Totally. Vader might have a chance, but Anakin? Nope.


----------



## Mindfire (May 25, 2012)

ArielFingolfin said:


> Totally. Vader might have a chance, but Anakin? Nope.



Actually, Vader stands even less of a chance than Anakin. Sure, the years of painful, disfigured existence as a cyborg killed his whiny attitude and made him someone not to be screwed with, but he was actually more _powerful _before he got all his limbs cut off.


----------



## Aidan of the tavern (May 25, 2012)

Gandalf was a Maiar spirit, a member of the Istari, a wise councilor and a power who could match an ancient balrog.  Anakin was a whiny prat.


----------



## Philip Overby (May 25, 2012)

I really wish Anakin would have been cooler in the movies, because even the back story for him in the original trilogy had me thinking he was pretty badass.  I guess he still was, but yeah...he whined a lot.

Gandalf wins.  Fatality.


----------



## Steerpike (May 25, 2012)

Gandalf shouldn't BE in the finals, but given that he is, I went with him as well


----------



## Philip Overby (May 25, 2012)

Steerpike said:


> Gandalf shouldn't BE in the finals, but given that he is, I went with him as well



If you had it your way, who would you have put in the finals?  This is a general question to everyone.


----------



## Steerpike (May 25, 2012)

Phil the Drill said:


> If you had it your way, who would you have put in the finals?  This is a general question to everyone.
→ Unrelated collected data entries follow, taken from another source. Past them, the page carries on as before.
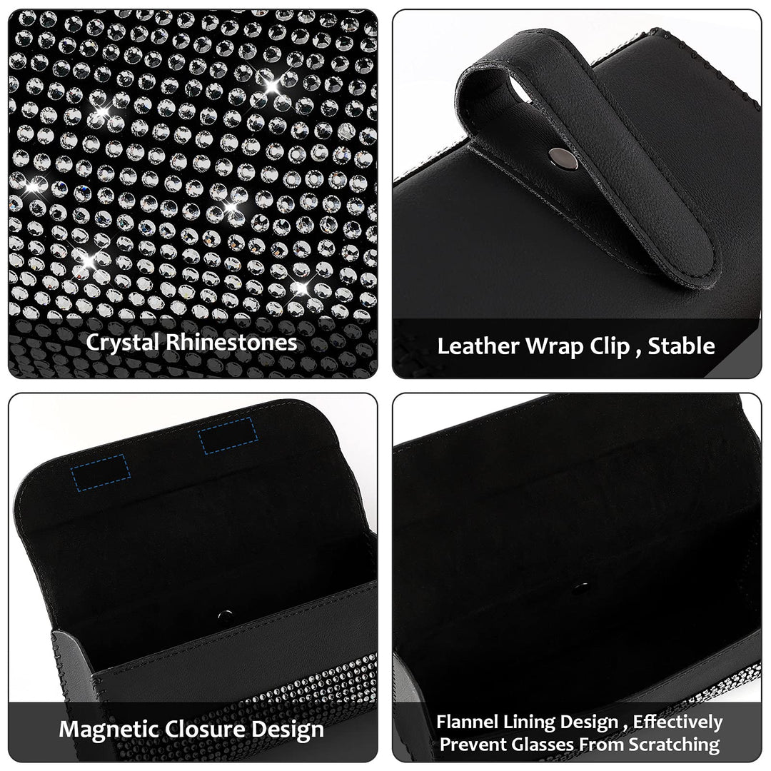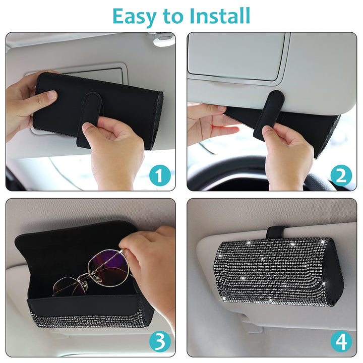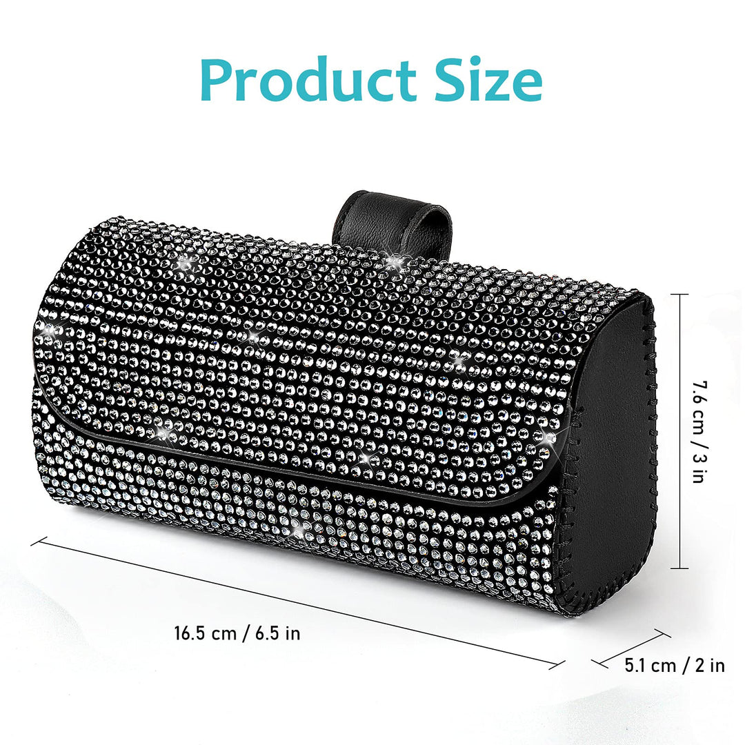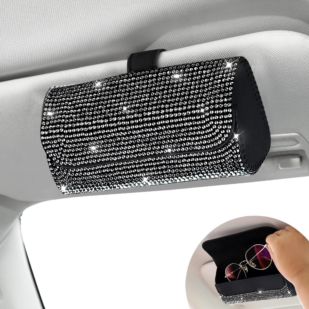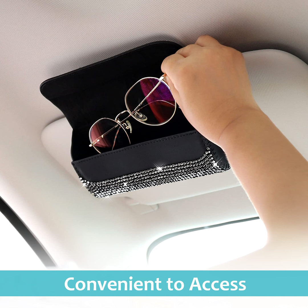 - Original Visor Accessories – Bling Sunglasses Holder for Car Sun Visor, Sparkling Auto Glasses Clip Case Eyeglasses Protective Box, PU Leather Car Sunglass Storage Organizer for Truck, SUV, RV (Black Crystal) by Accmor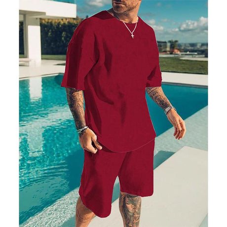 Men's Printed Short Sleeve Shorts Textured Set 45634654L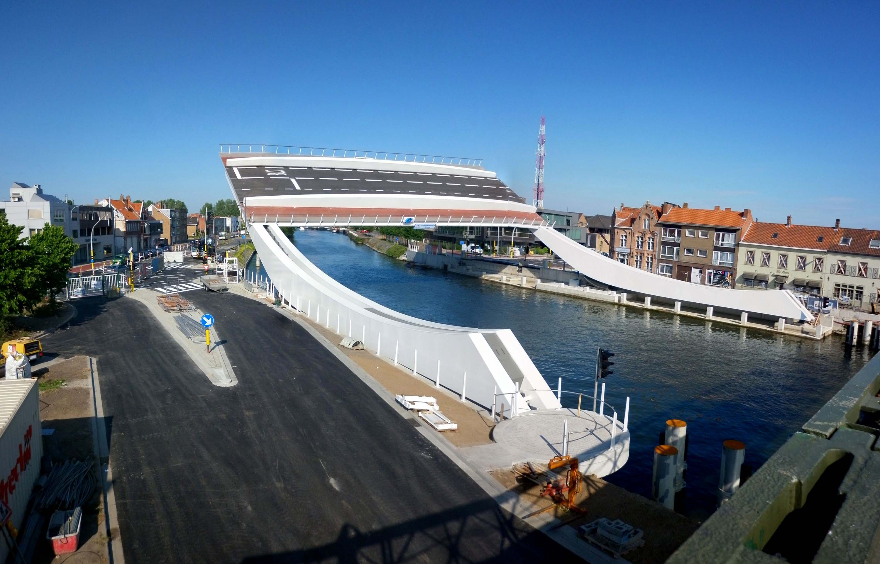 In de plaats kwam een 19 meter brede kantelbrug met 15 meter hoge rolarmen. Deze rolbasculebrug is in die zin uniek, omdat de hefbeweging langs de lengteas en dwars op de as van het kanaal geschiedt. Dit gebeurt hier niet rond een vast draaipunt, maar met een bewegend draaipunt, bestaande uit een boogvormig gedeelte dat op de onderbouw rolt.
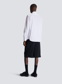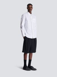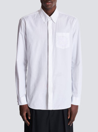 Balmain Ecusson embroidered cotton poplin shirt - Shirt collar - Long sleeves - Straight cuffs with 2 buttons - 1 patch pocket on the chest - Tone-on-tone Balmain Ecusson embroidery on the chest - Fastening with 7 buttons (6 under the placket) - Rounded hem - Straight cut - Model measures 190cm and wears a size 39 - Main material: 100% cotton - Made in Italy - Item: FH1HS480CE48

Elric from the top bracket v. The Lady in the bottom bracket. 

The Lady would rip Anakin to shreds.


----------



## Sheilawisz (May 26, 2012)

I can recall reading in _The Fellowship of the Ring_ that Gandalf and the other wizards were not allowed to use sheer force against Sauron, instead they were sent to Middle-Earth to be more like moderators of some kind, is that right?? That implied that they had greater destructive power than Tolkien ever described in the story, just they were not allowed to use it =)
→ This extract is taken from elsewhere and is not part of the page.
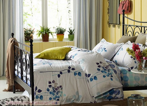 五、抗菌性家紡面料 具有抗菌功能的紡織面料對(duì)于防止病菌的侵害起著極其重要的作用,用抗菌功能性紡織面料制作的日用品已逐漸為人們所重視,并隨著科技的發(fā)展,廣泛而深入地輻射到生活的細(xì)節(jié)中。如使用由防螨抗菌纖維制成的紡織品和家居用品,不僅可以抑螨、驅(qū)螨,有效防止與塵螨有關(guān)皮膚病的發(fā)生,還可以抗菌、抑制細(xì)菌的繁殖,從而達(dá)到改善人們生活環(huán)境的目的?咕约矣眉徔椘房梢酝ㄟ^(guò)在織物上進(jìn)行涂層或樹(shù)脂處理等后整理得到,天然純紡織物常用這種后整理技術(shù)。也可以將抗菌劑添加入纖維原液進(jìn)行共混紡絲,或?qū)⑵胀ɡw維接枝抗菌劑制得抗菌纖維,再將抗菌纖維進(jìn)行織造,即得抗菌性家用紡織品。目前廣泛應(yīng)用的抗菌產(chǎn)品有被褥、絮棉、床單、毛巾、毛巾被、棉毯、地毯、浴衣、抹布、沙發(fā)布、墻布、墩布、桌布、餐巾、浴簾、床品四件套等。

Like Aidan said, the fact that Gandalf is a Maiar spirit with a physical body, and not a common magic user (this is quite similar to my own Mages) means that whatever damage inflicted to his body has no effect on Gandalf himself, and this makes him superior to other characters like Anakin!!


----------



## Aidan of the tavern (May 26, 2012)

Sheilawisz said:


> I can recall reading in _The Fellowship of the Ring_ that Gandalf and the other wizards were not allowed to use sheer force against Sauron, instead they were sent to Middle-Earth to be more like moderators of some kind, is that right?? That implied that they had greater destructive power than Tolkien ever described in the story, just they were not allowed to use it =)
> 
> Like Aidan said, the fact that Gandalf is a Maiar spirit with a physical body, and not a common magic user (this is quite similar to my own Mages) means that whatever damage inflicted to his body has no effect on Gandalf himself, and this makes him superior to other characters like Anakin!!
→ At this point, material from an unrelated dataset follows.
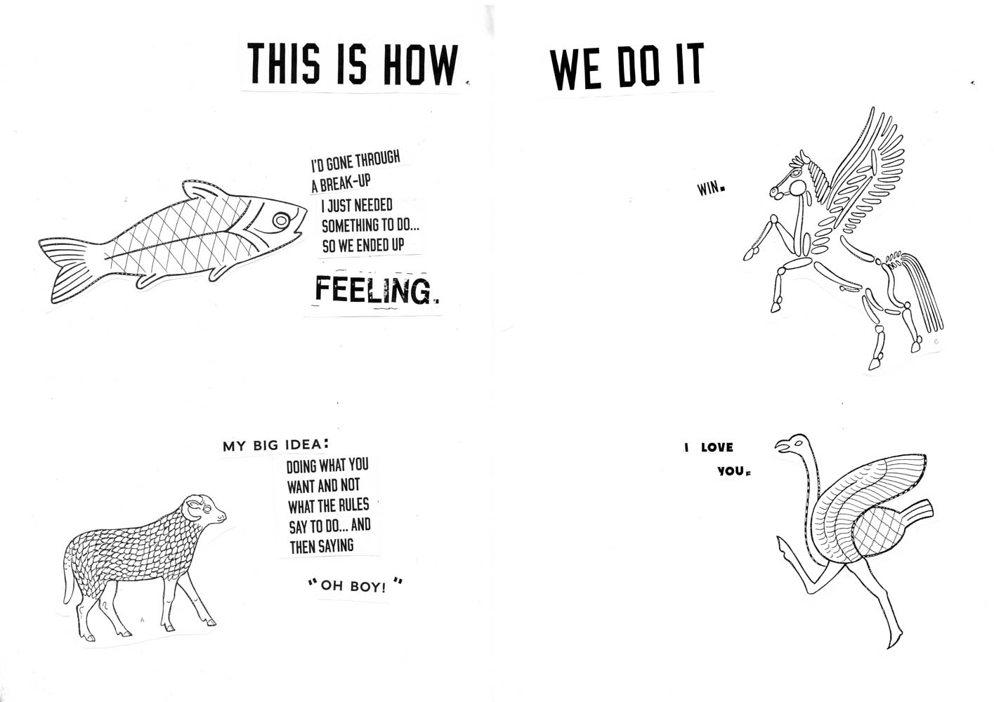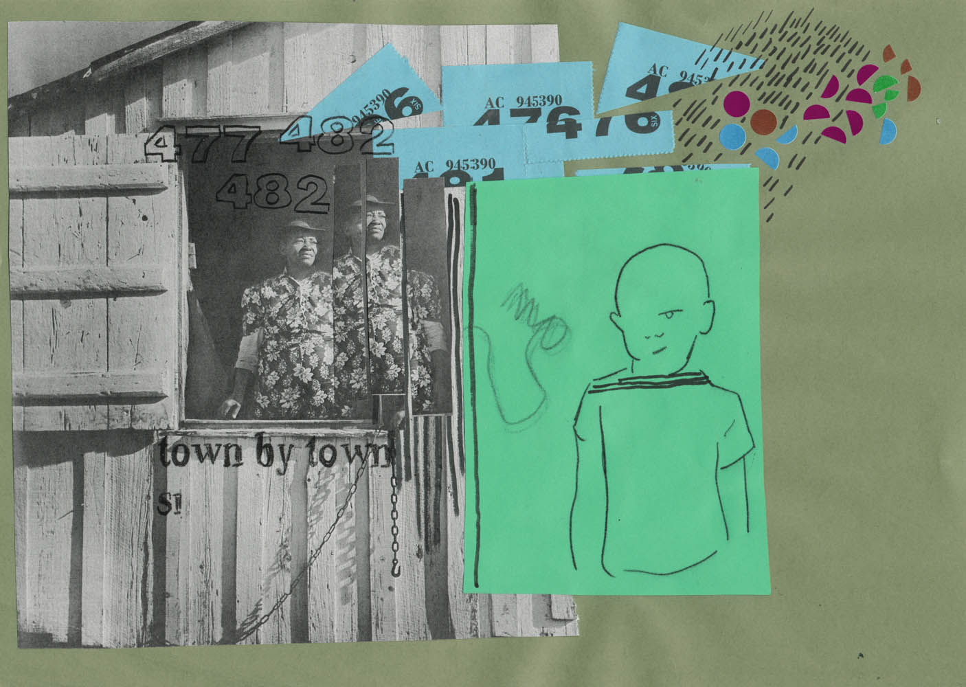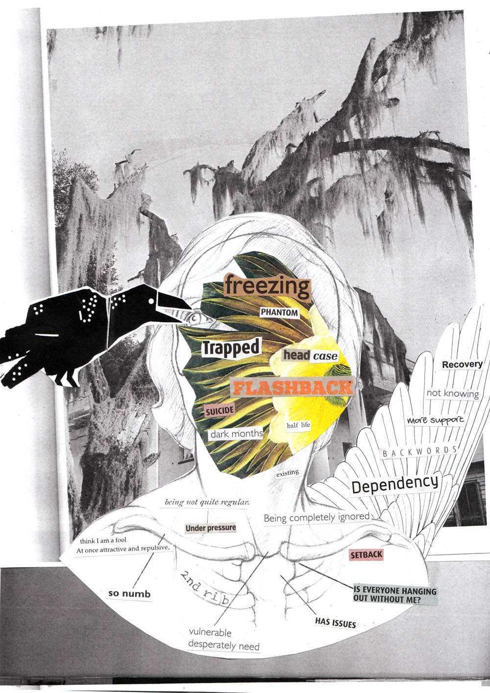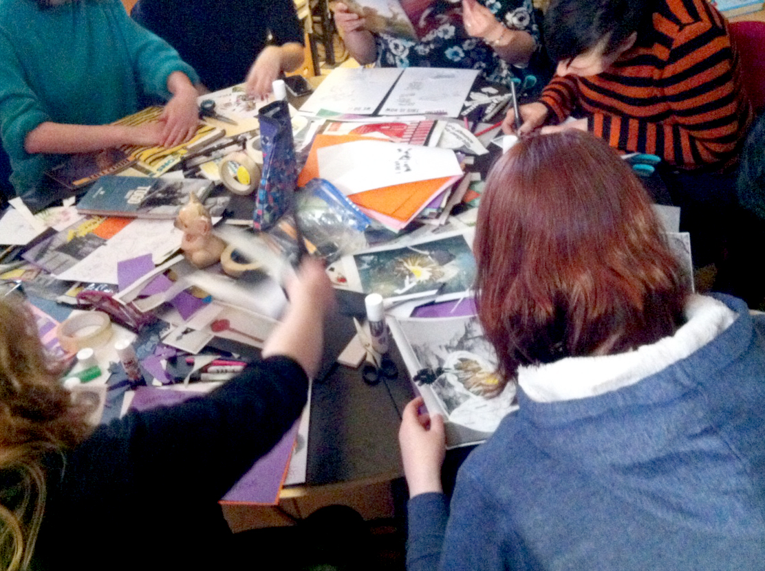Set back behind the curtains of the Theatre Deli cafe; a circular table, in the center of a little grotto-like environment with lamps, drapes, curtains and plenty to do. People began arriving from 12:00pm, on the dot, right up until the very end of the session. There was no need to attend the full session but everyone stayed until they’d created a collage and had a good chat. There were 10 of us in total, cutting sticking and chatting. Most who attended made amazing collages, some just came along to draw, talk and listen. I think we all worked as good catalysts to one another’s conversation and creativity.

If I understand correctly they were not allowed to face Sauron personally head on.  Their primary objective was to act as councilors to the free peoples to help organize the defense against Mordor.  In the end Gandalf was the only one who fulfilled his role.  Saruman of course fell to greed and the desire for power, Radagast mysteriously disappeared, but it is implied that he lost interest and became more interested in nature, and no one knows anything about the two blue wizards who went east.


----------



## Steerpike (May 26, 2012)

And the winner is:

GANDALF!

That was cool. What next, fighters? Best fantasy novel? Other ideas?


----------



## Philip Overby (May 26, 2012)

I think it would be good to do one with only fighters.  No world-wrecking powers or anything like that.  But best novel would be good too, because it would be more subjective.  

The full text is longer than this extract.